Start of Supplied records

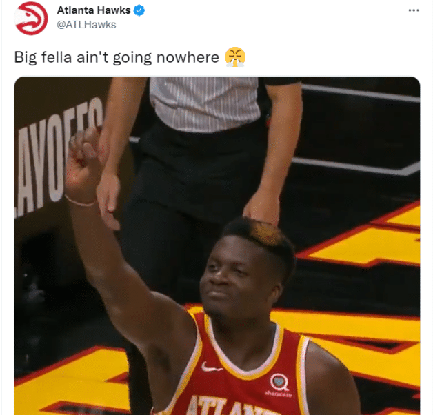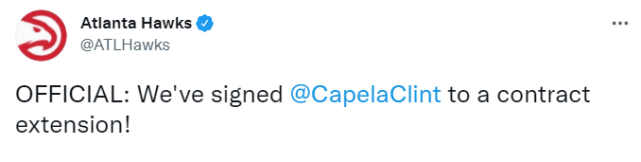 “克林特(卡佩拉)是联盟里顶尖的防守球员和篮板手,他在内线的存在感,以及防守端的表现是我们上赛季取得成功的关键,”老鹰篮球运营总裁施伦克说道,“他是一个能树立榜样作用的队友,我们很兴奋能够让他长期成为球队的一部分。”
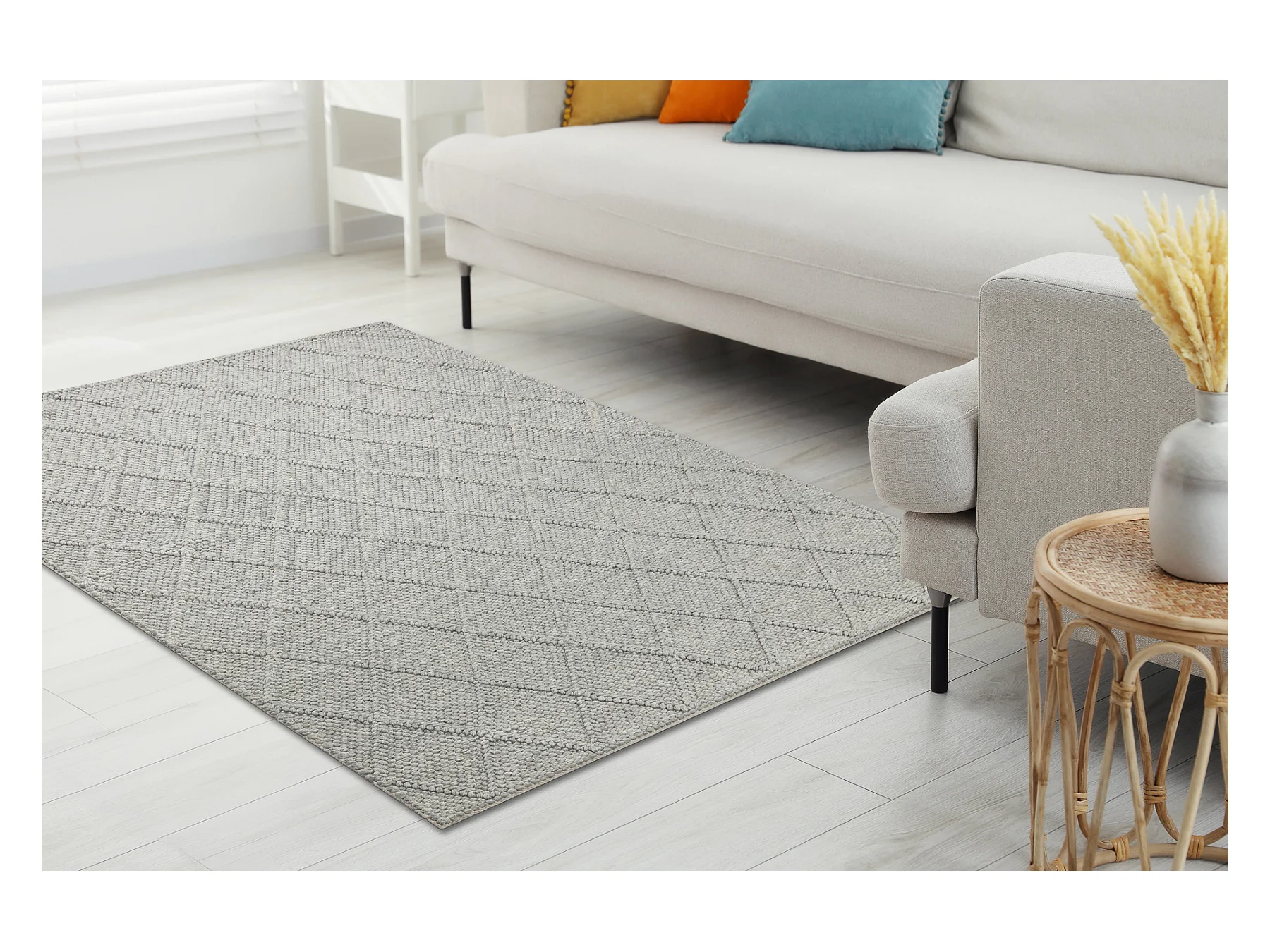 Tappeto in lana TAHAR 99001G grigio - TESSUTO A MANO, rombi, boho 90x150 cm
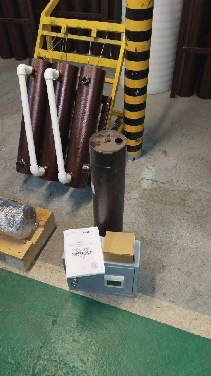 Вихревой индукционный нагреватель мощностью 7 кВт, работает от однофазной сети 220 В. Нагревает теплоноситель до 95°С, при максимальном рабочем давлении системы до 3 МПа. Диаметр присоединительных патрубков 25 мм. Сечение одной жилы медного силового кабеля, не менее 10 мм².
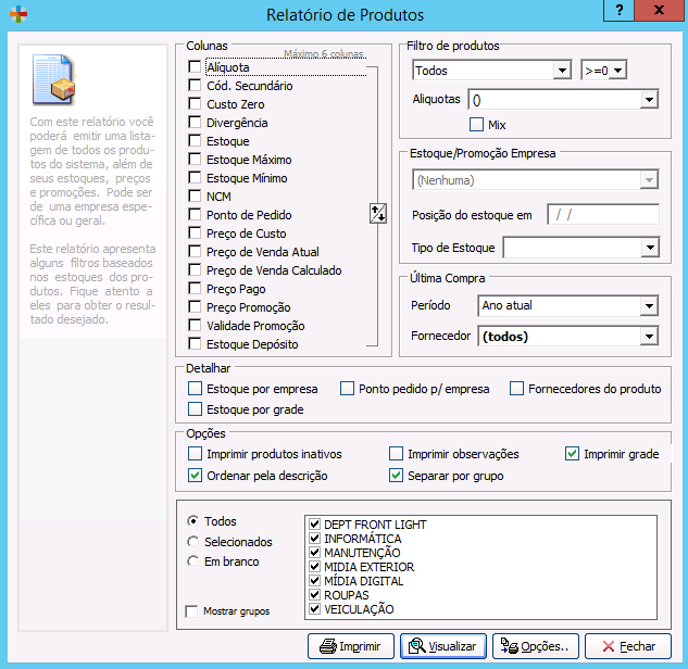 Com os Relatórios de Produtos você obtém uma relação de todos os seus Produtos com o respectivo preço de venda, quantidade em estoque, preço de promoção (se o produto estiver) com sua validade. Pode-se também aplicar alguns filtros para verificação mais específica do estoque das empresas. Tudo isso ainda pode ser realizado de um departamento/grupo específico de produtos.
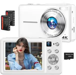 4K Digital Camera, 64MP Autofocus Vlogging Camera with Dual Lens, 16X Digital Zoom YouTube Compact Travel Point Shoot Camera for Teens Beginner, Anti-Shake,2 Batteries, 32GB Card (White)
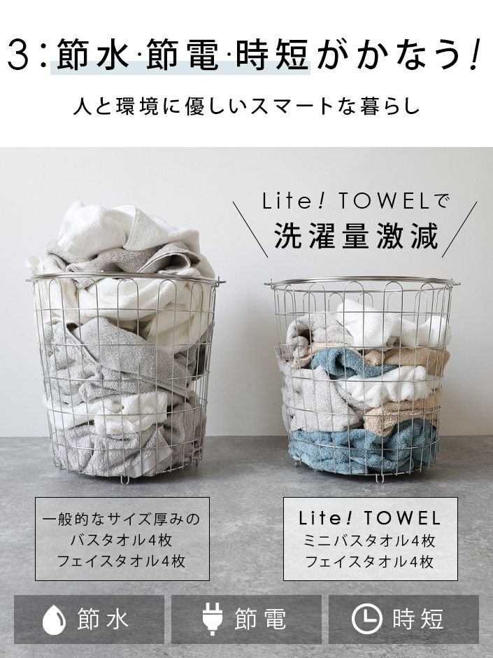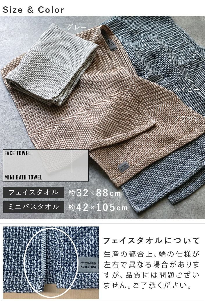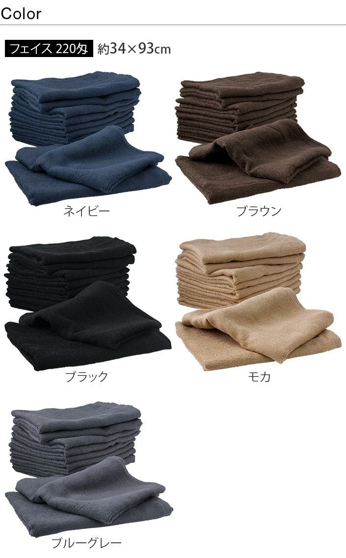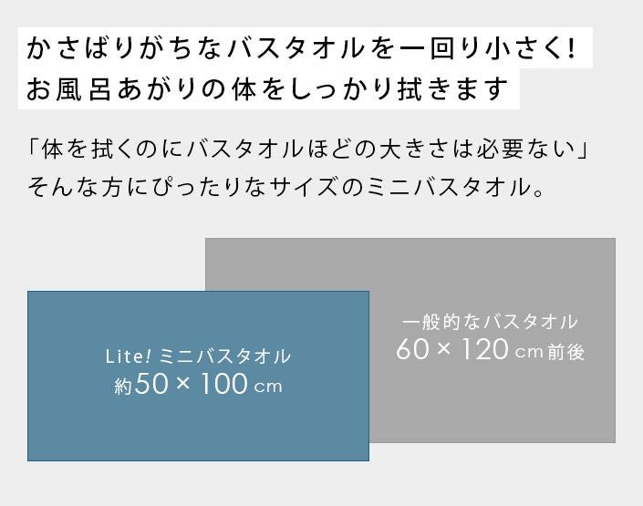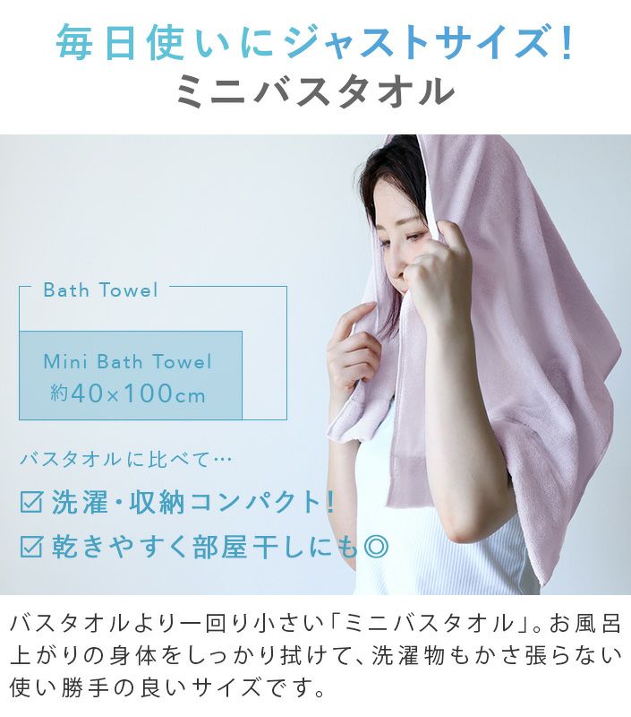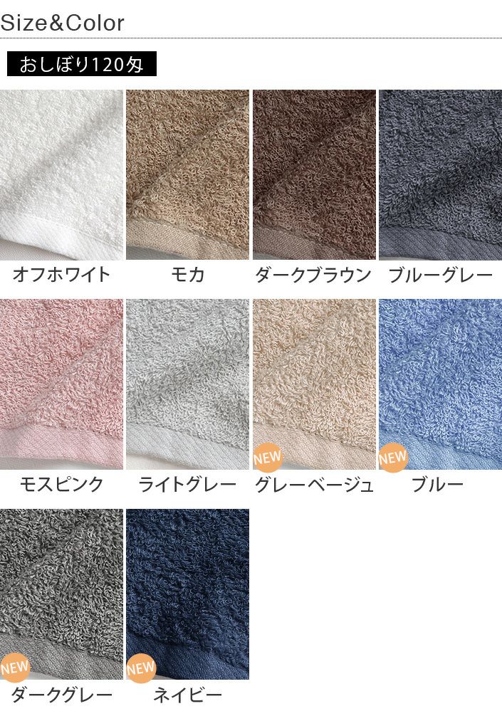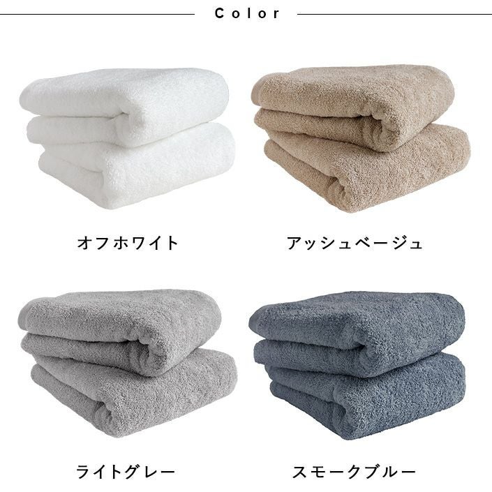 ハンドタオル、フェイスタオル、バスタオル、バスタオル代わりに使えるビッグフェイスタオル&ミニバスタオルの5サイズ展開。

End of Supplied records
Start of Supplied records

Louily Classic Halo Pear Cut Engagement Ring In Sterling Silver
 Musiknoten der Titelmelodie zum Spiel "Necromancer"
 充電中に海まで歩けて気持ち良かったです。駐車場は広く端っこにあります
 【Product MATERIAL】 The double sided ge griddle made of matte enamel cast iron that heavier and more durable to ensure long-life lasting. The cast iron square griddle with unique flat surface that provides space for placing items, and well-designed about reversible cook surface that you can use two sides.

End of Supplied records

What you are asked to do: Given the records above, reproduce precisely and only the lines between the line holding "充電中に海まで歩けて気持ち良かったです。駐車場は広く端っこにあります" and the line holding "use two sides.", inclusive.

Answer to this exercise:
 充電中に海まで歩けて気持ち良かったです。駐車場は広く端っこにあります
 【Product MATERIAL】 The double sided ge griddle made of matte enamel cast iron that heavier and more durable to ensure long-life lasting. The cast iron square griddle with unique flat surface that provides space for placing items, and well-designed about reversible cook surface that you can use two sides.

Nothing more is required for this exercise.